I had two old Minolta film cameras and had several old lenses that work great with the GH-2, using a Minolta to m43 adapter ring.

Here’s a photo of my collection (picture taken with a Canon SX-1):

The lenses are from left to right:

  • On the GH-2, the Panasonic Lumix 45-200mm zoom
  • Vivitar 135mm prime, f/2.8, Minolta mount, purchased for $20. Works as a 270mm f/2.8 on the GH-2. I really like this lens.
  • Sigma 28mm to 70mm zoom, f/2.8, Minolta mount, bought it back in the 1980s.Works as a 56 to 140mm f/2.8 equivalent zoom on the GH-2. In many ways, this is one of my favorite lenses.  It is fairly fast and is almost a normal lens (56mm equiv.) at the wide angle end, plus very sharp under pixel peeping conditions.
  • Sigma 24mm wide angle prime, Minolta mount, bought in the 1980s. This is my fake 50mm standard lens – really, a 48mm equivalent.
  • Minolta 50mm prime, f/1.4, came with my original Minolta SRT-101 film camera. Works like a 100mm f/1.4 lens – super for indoor and night shots.
  • Minolta 50mm prime, f/1.7, came with an original Minolta X700 film camera.
  • Tamron 4mm-12mm zoom, f/1.4, C-mount CCTV lens, purchased for $144. Used only in 1920×1080/24p video mode. Works equivalent to a 21mm lens on a 35mm film camera when used in the 1080/24p video mode. Also works as a super macro lens.
  • Not shown: Lumix 14-42mm f/3.5 zoom that came with the GH-2.

This was the first time I’d pulled everything out and this collection seemed impressive.  Okay, okay, may be I am easily impressed. I know, its not Canon L-series glass. But it doesn’t cost as much as a new car either!

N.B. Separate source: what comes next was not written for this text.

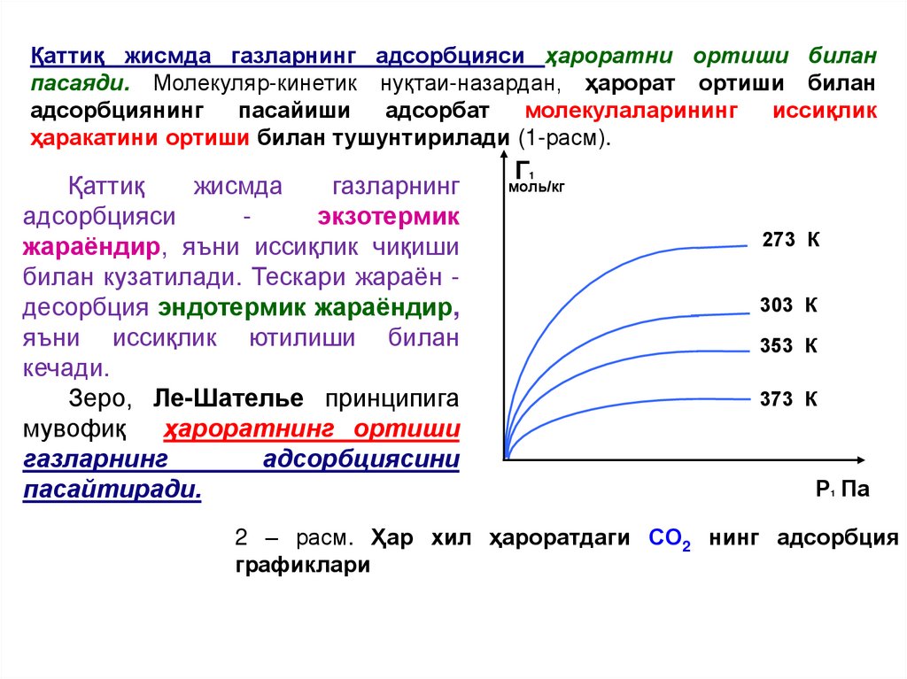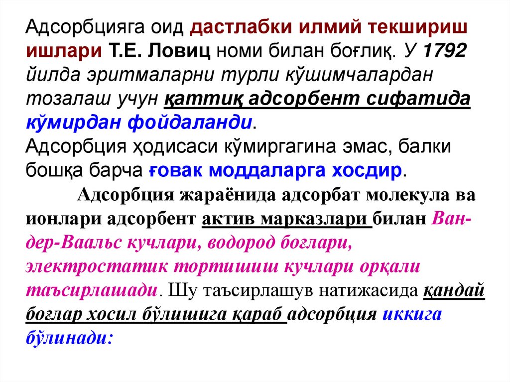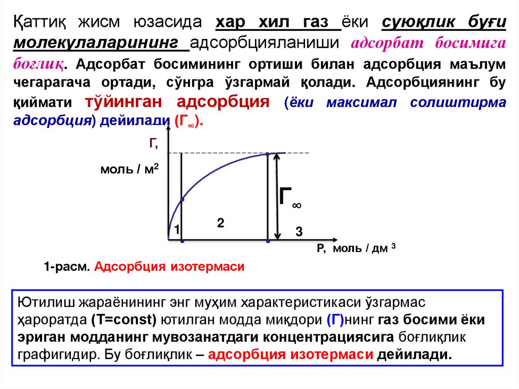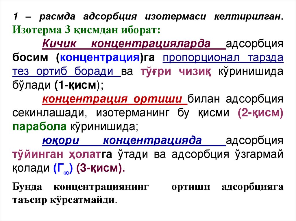 1)адсорбция соф физикавий кучлар таъсирида содир бўлади;
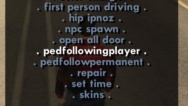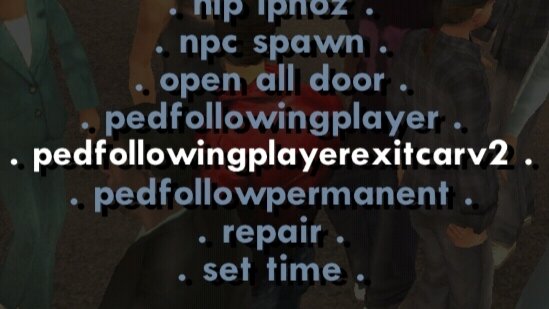 Here's what I've did so far, I manage to make peds following a player script from Sanny Builder.

In fact, except for the Lumix lens, there’s not much money in this at all. I had all the Minolta lenses stored for decades.

The micro 4/3ds format enables use of all those old and often very good lenses. Either ones you already have, or ones that you can buy cheaply on Craigslist, EBay, or some camera stores and pawn shops.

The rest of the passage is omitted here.